CN105135553A - Multiple-on-line system and method for enhancing supercooling degree of multiple-on-line system - Google Patents

Abstract

The embodiment of the invention provides a multiple-on-line system and a method for enhancing supercooling degree of the multiple-on-line system. The method is used for utilizing refrigeration capacity of a coolant which is not completely evaporated in the multiple-on-line system, thereby achieving the effects of energy saving and high efficiency of the system. The technical scheme of the embodiment of the invention is as follows: a heat exchanger is arranged inside a gas-liquid separator; one end of the heat exchanger is connected with a condenser through a first solenoid valve; the other end of the heat exchanger is connected with an evaporator through a second solenoid valve; and the multiple-on-line system also comprises a third solenoid valve which is connected with the first solenoid valve and second solenoid valve in parallel.

Description

The method of the degree of supercooling of a kind of multiple on-line system and increase multiple on-line system

Technical field

The embodiment of the present invention relates to household electrical appliance technical field, particularly relates to the method for the degree of supercooling of a kind of multiple on-line system and increase multiple on-line system.

Background technology

Multi-online air-conditioning system is within air-conditioning systems, by controlling the circulating mass of refrigerant of compressor and entering the refrigerant flow of indoor heat exchanger, in time meets the high efficiency air-conditioning system of indoor cooling and heating load requirement.

Multi-online air-conditioning system need adopt frequency-changeable compressor, compound compressor, unloading compressor or multiple compressors combination to realize compressor capacity and control, need in refrigeration systems to arrange electric expansion valve or other subsidiary loop, to regulate the refrigerant flow entering indoor set; Amassed by the rotation speed of the fan of control room internal-external heat exchanger device, regulate the ability of heat exchanger.

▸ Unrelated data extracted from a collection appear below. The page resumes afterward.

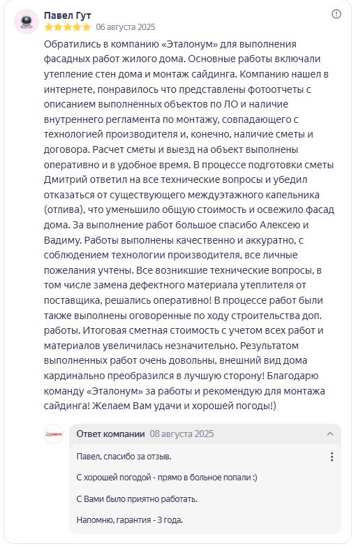 Отзывы о монтаже сайдинга и кровли СТК Эталон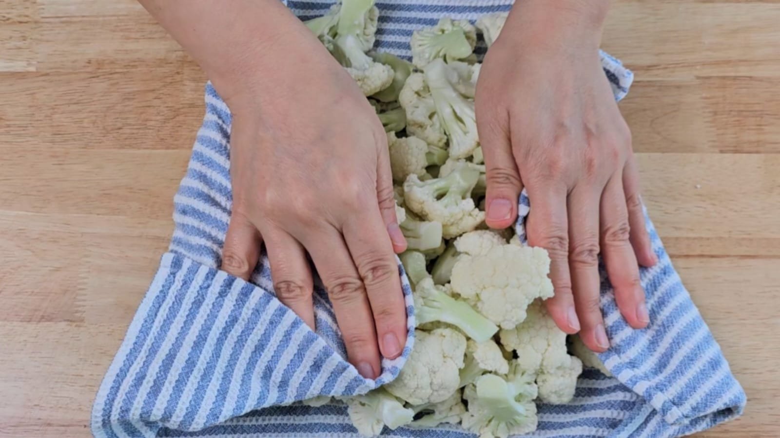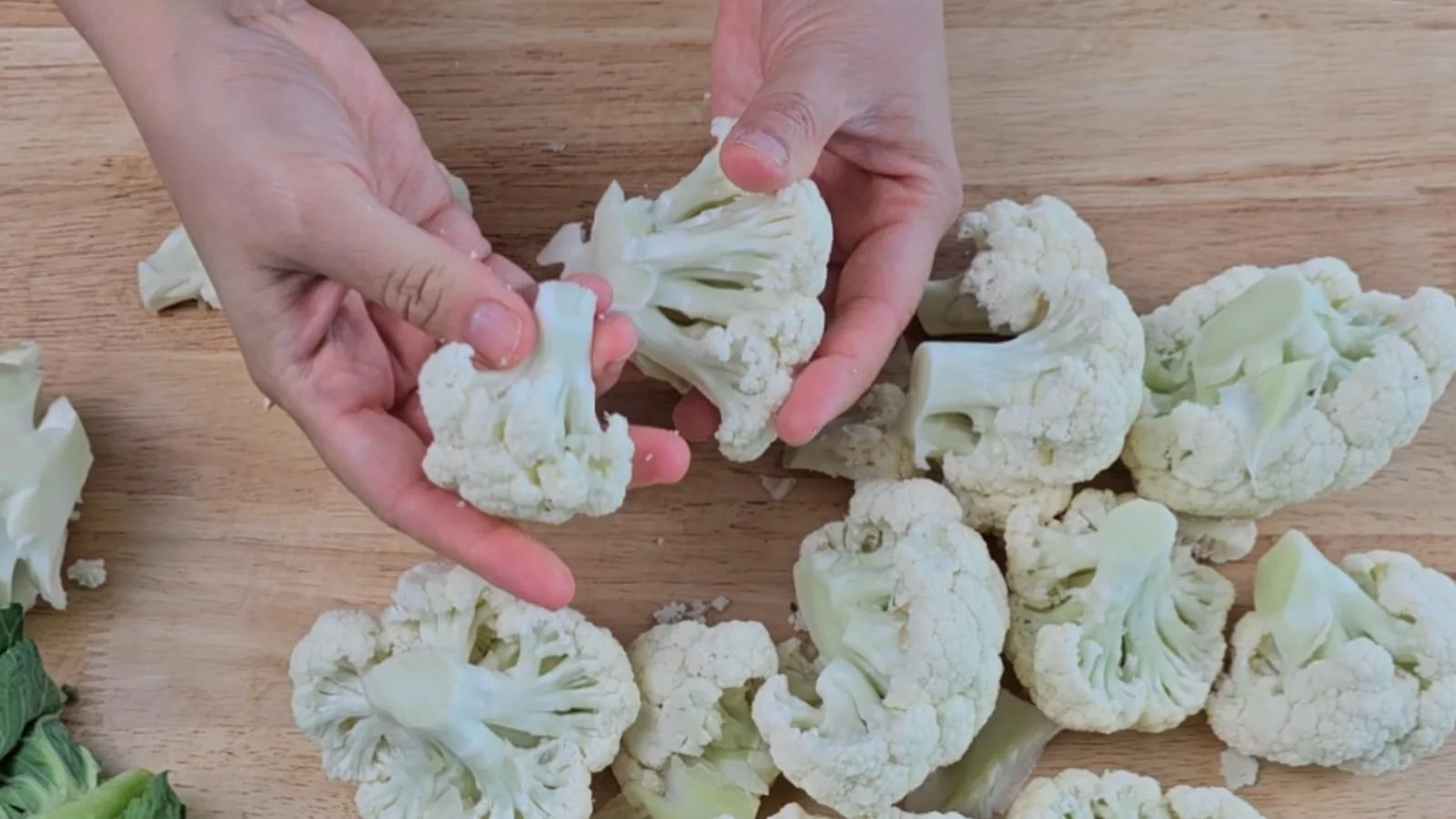 Cut the cauliflower into bite-sized florets, making sure they’re not too small—this helps prevent them from overcooking during deep frying. Rinse the florets thoroughly under cold water, then pat them dry with a clean tea towel or paper towels.
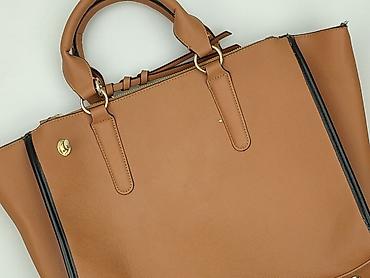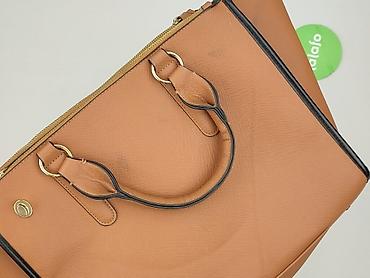 Torebka damska shopper, kolor karmelowy (camel) z czarnymi lamówkami i złotymi okuciami.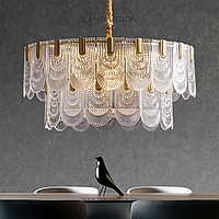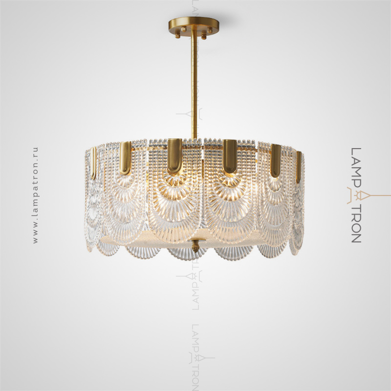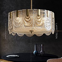 A series of chandeliers with lampshades made of rounded openwork glass plates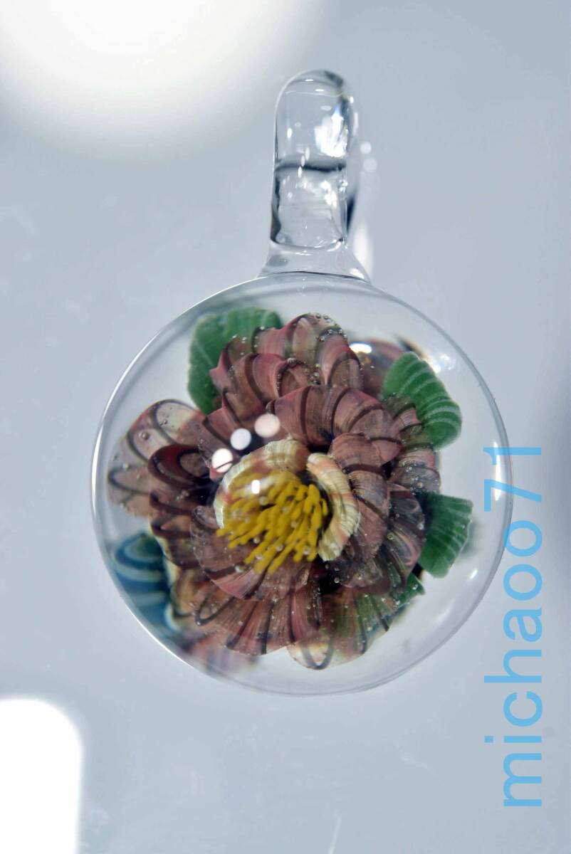 > 花 3D FLOWER ガラスのペンダントトップ (12080-P21)創作1点物 フラワー グラスペンダント ガラスの中に咲いた花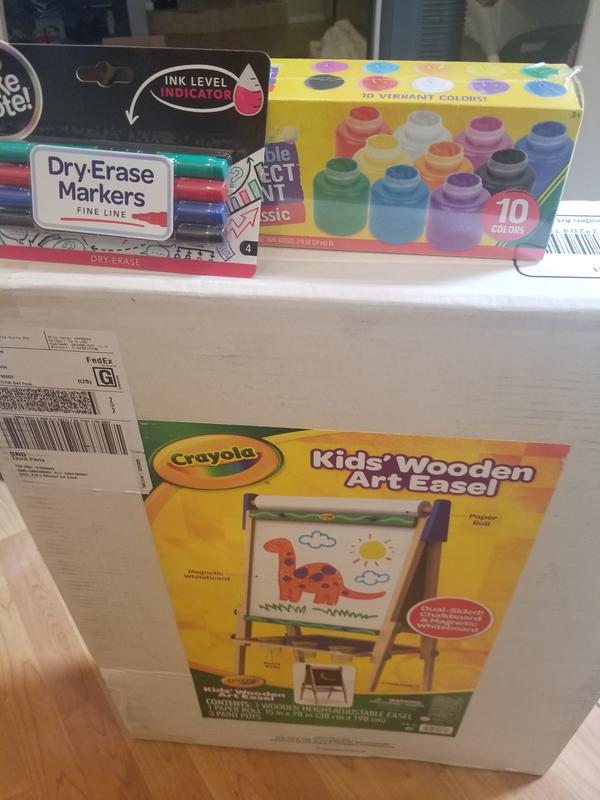 This crayola deluxe magnetic double sided easel features a easy to use easy to clean dry erase whiteboard while keeping scribbles away from your walls also can be a magnet board.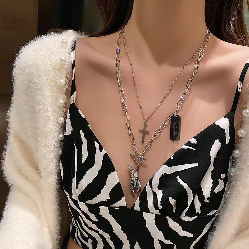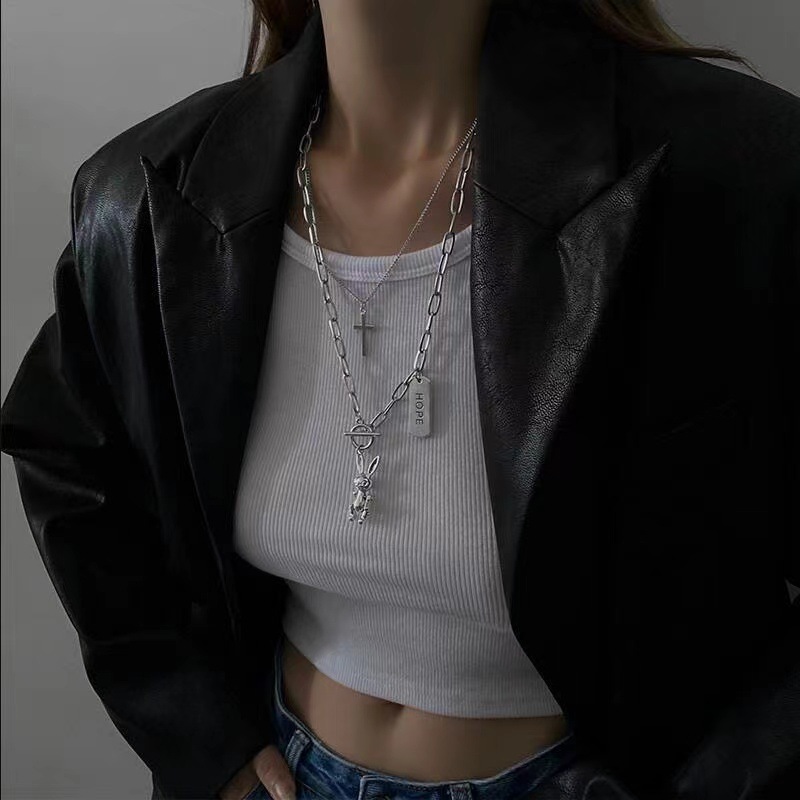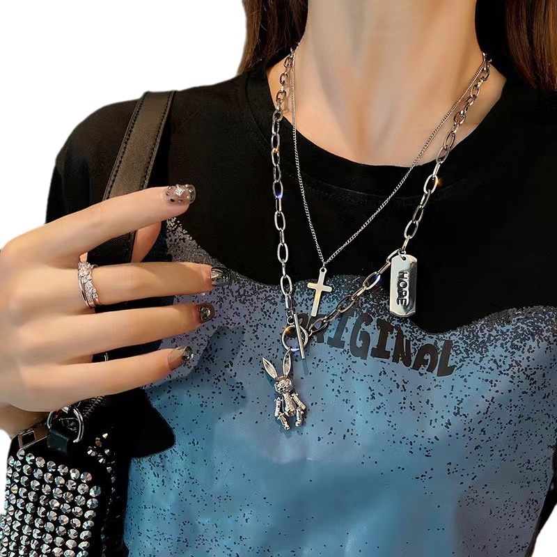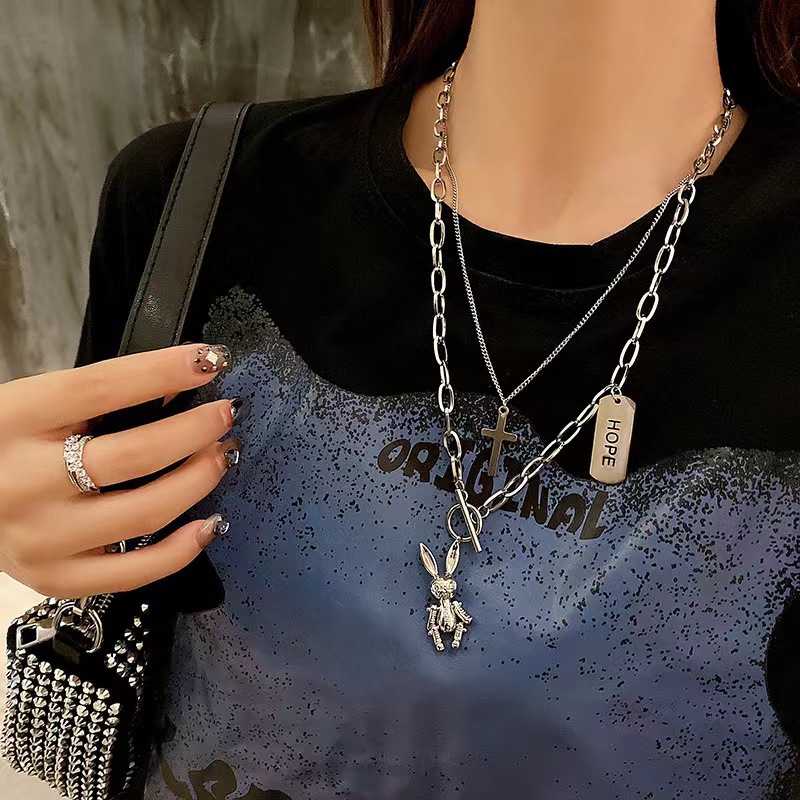 Internet Celebrity Three-piece Activity Rabbit Necklace Women's Ins Metal Pendant Multi-layer Long All-match Woolen Chain Men's Hip-hop

The defect of prior art is, after refrigerant evaporates in evaporimeter, just gets back in the gas-liquid separator of system, then return compressor, enter next circulation, system can not accomplish to evaporate completely and distributed uniform, the part cold of system will certainly be wasted, increase the power consumption that system is unnecessary.

Summary of the invention

The embodiment of the present invention provides the method for the degree of supercooling of a kind of multiple on-line system and increase multiple on-line system, for the refrigerant cryogenic energy utilization will do not evaporated completely in multiple on-line system, acts on efficiently to reach energy saving of system.

The technical scheme of the embodiment of the present invention comprises:

The inside of described gas-liquid separator is provided with heat-exchanger rig, and one end of described heat-exchanger rig is connected by the first magnetic valve with condenser; The other end of described heat-exchanger rig is connected by the second magnetic valve with evaporimeter; Described multiple on-line system also comprises the 3rd magnetic valve, and described 3rd magnetic valve and described first magnetic valve, the second magnetic valve are connected in parallel.

Preferably,

Described heat-exchanger rig is heat exchanger tube.

Preferably,

The blast pipe of the compressor of described multiple on-line system is provided with high-voltage switch gear and high pressure sensor.

Preferably,

The air inlet pipe of described compressor is provided with low tension switch and low pressure sensor.

The embodiment of the present invention also provides a kind of method increasing the degree of supercooling of multiple on-line system, comprising:

Detect the operating mode of multiple on-line system, judge described work condition state, if large cold operating mode, then close the first magnetic valve, the second magnetic valve, open the 3rd magnetic valve.

Preferably,

If described work condition state is little cold operating mode, then open the first magnetic valve, the second magnetic valve, close the 3rd magnetic valve.

Preferably,

If described work condition state is little thermal condition, then open the first magnetic valve, the second magnetic valve, close the 3rd magnetic valve.

Preferably,

If described work condition state is large thermal condition, then close the first magnetic valve, the second magnetic valve, open the 3rd magnetic valve.

The beneficial effect of employing technique scheme is:

The inside of the gas-liquid separator of this multiple on-line system is provided with heat-exchanger rig, and one end of heat-exchanger rig is connected by the first magnetic valve with condenser; The other end of heat-exchanger rig is connected by the second magnetic valve with evaporimeter; Multiple on-line system also comprises the 3rd magnetic valve, 3rd magnetic valve and described first magnetic valve, the second magnetic valve are connected in parallel, first magnetic valve, the second magnetic valve, the 3rd magnetic valve perform on-off action, by arranging these two articles of pipelines of the first magnetic valve, heat-exchanger rig, the second magnetic valve and the 3rd magnetic valve, the refrigerant cryogenic energy utilization that can will not evaporate completely in multiple on-line system under different operating mode, acts on efficiently to reach energy saving of system.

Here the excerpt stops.